It is no secret to those that know me well that getting pregnant was not the simple thing I figured it would be. I always joked that God could not have given me these wide birthing hips without being able to have a baby. But let me tell you, that joke was really a cover up for wanting to cry at every turn; especially in your mid thirties. Everyone at work, in the grocery store or neighborhood seems to be pregnant when you can’t have a baby. Every baby shower is agony. My heart still hurts for those friends and acquaintances who were unable to have children or have a desperately wanted second child. To those friends, I see you, love you and I still pray for your hearts to find peace.
To those of you who have had one or more miscarriages, I also pray your hearts find peace. That is a lonely place and the memories of feeling helpless can still make me tear up – nope actually full on cry. Having passed the first trimester mark we had picked out a name, and when I hear the name, it still catches me a little off guard. Not only do you blame yourself for the miscarriage, you play a story in your head of your partner and others also thinking you are broken. Of course, being married to the absolute best man in the world, that was so far from the truth. I am sure the hormone crash doesn’t help the situation at the time of the miscarriage either. Having a sister living near by was such a blessing and I don’t know that I ever really thanked her enough for scooping in and taking care of my son and holding me with complete understanding.

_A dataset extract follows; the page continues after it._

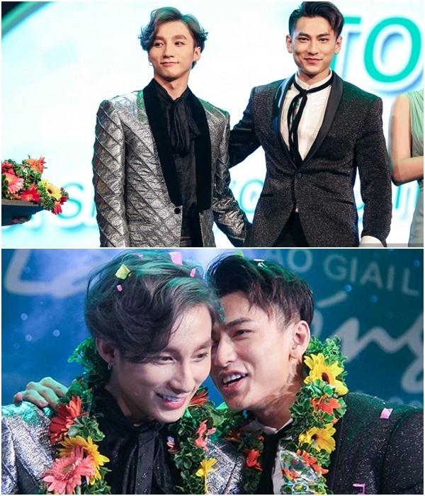 Giọng ca "Chưa bao giờ" thích thú thơm má, ôm và tựa đầu nũng nịu đàn em.
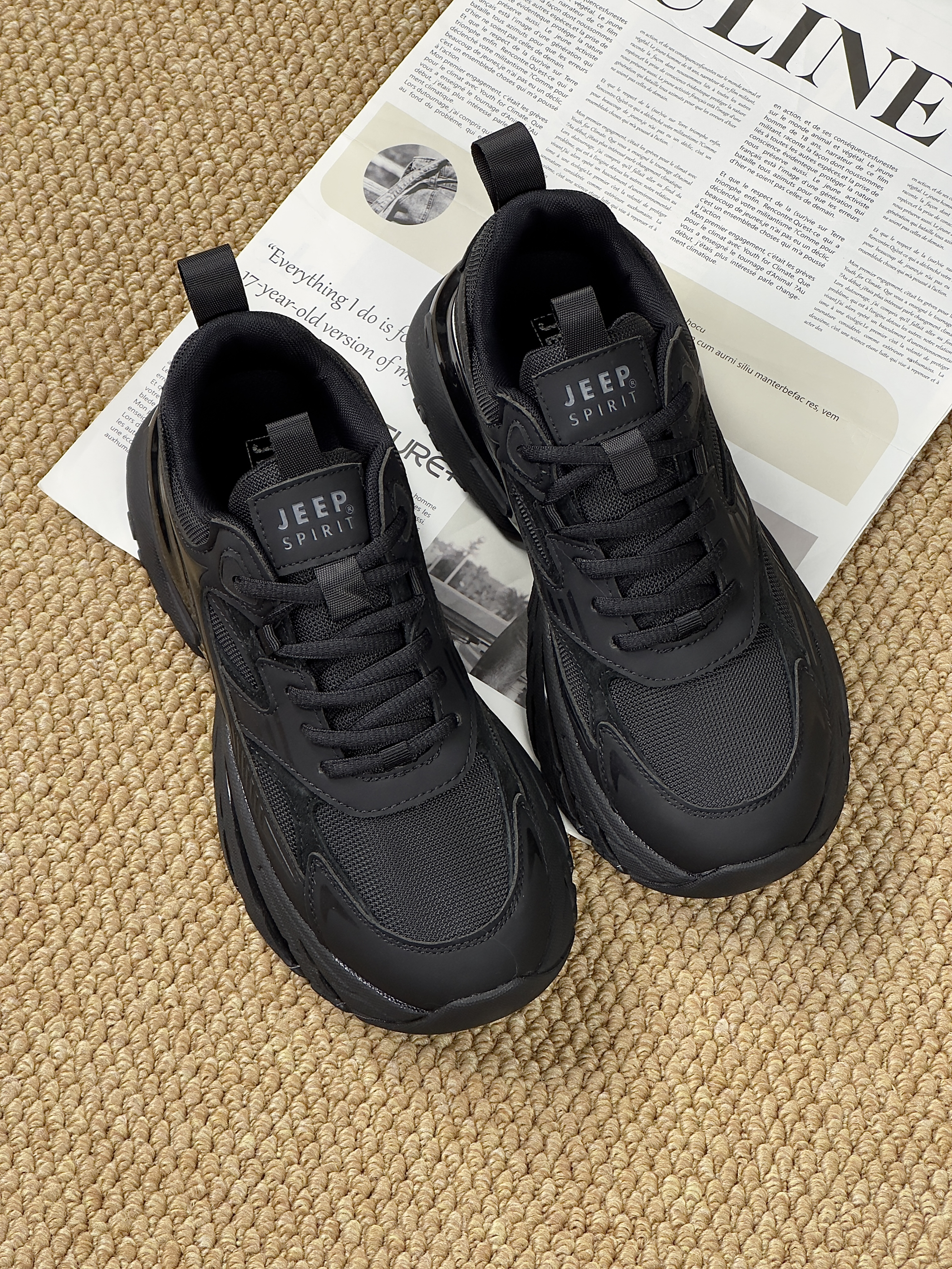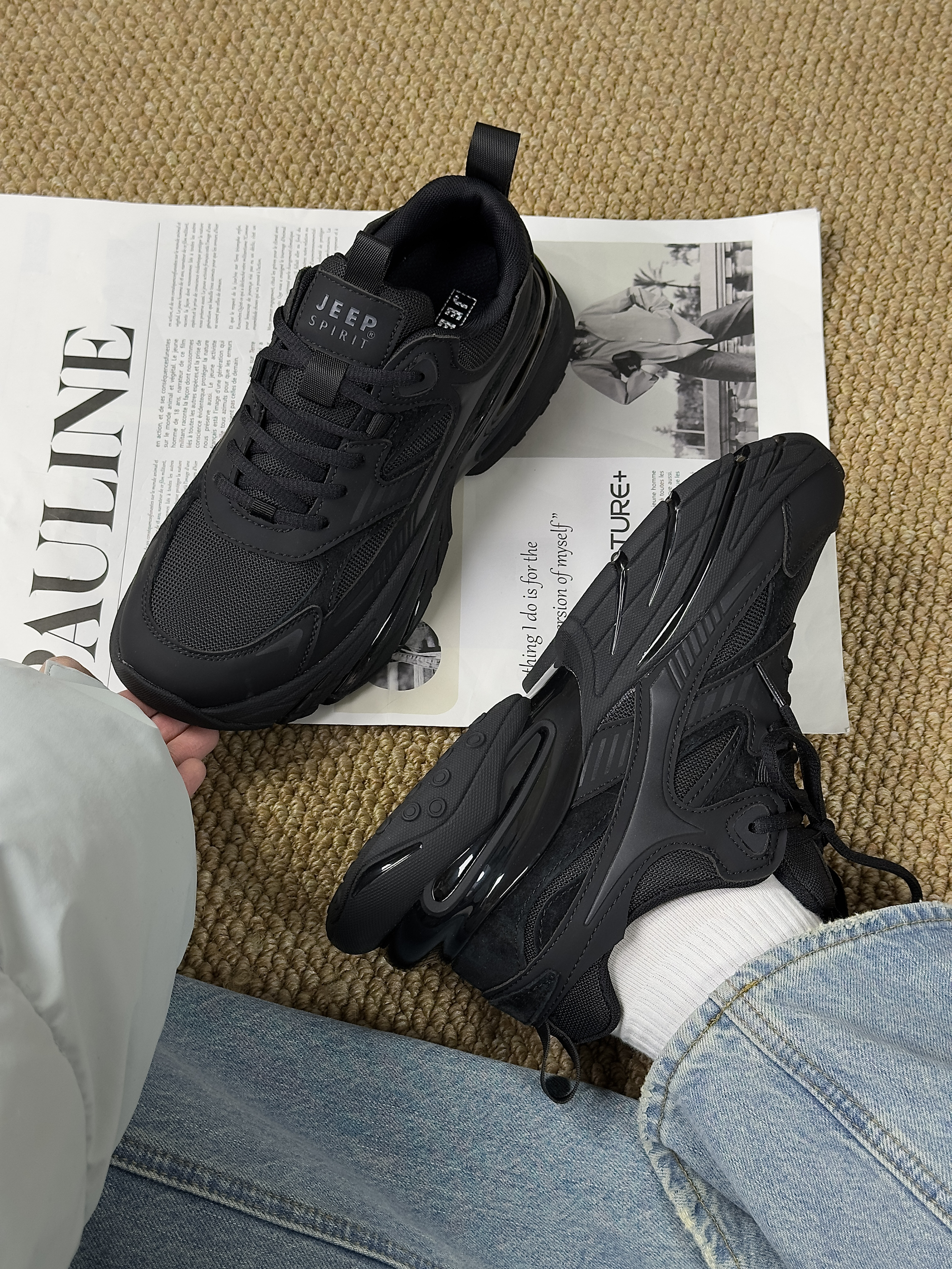 hello,这里是陈白羊🐑!冬天鞋柜里怎么能少得了一双酷酷的黑武士老爹鞋~ 来自JEEP SPIRIT 纯黑色🖤的鞋身与机能风鞋型的组合 看起来复古又未来✨ 黑武士配色又帅又耐脏 鞋面多种材质拼接 增加了鞋子的层次感 日常拿去搭浅色牛仔裤👖就吼吼看~ 上脚太显腿细了,又显腿长 而且脚感也很轻便 跑步运动或者通勤穿都🉑 🌟:尺码不偏码,按平时穿着尺码即可。

We need to talk about infertility and miscarriages more openly and let one another know it is normal but it still remains challenging because not everyone really wants to hear about uncomfortable things. Talking about it can create a network of support and understanding just like how those who have lost a parent have an unwritten bond. In talking about our loss or fertility challenges, we can let chosen friends and family take care of us and in turn be there for others. Acceptance is still something I need to practice. In an attempt to be stoic, I end up with resting bitch face and a clenched jaw. It is hard to accept kindness when you put all of your energy trying to look like you have it all together. Time, reflection and acceptance always helps bring perspective and healing and sometimes it takes longer than I realized it would. Sometimes I didn’t know I was in the middle of “it” until I had finally gotten out to the other side. But on the other side, I can now articulate the lessons the journey has taught and the love that always surrounds me.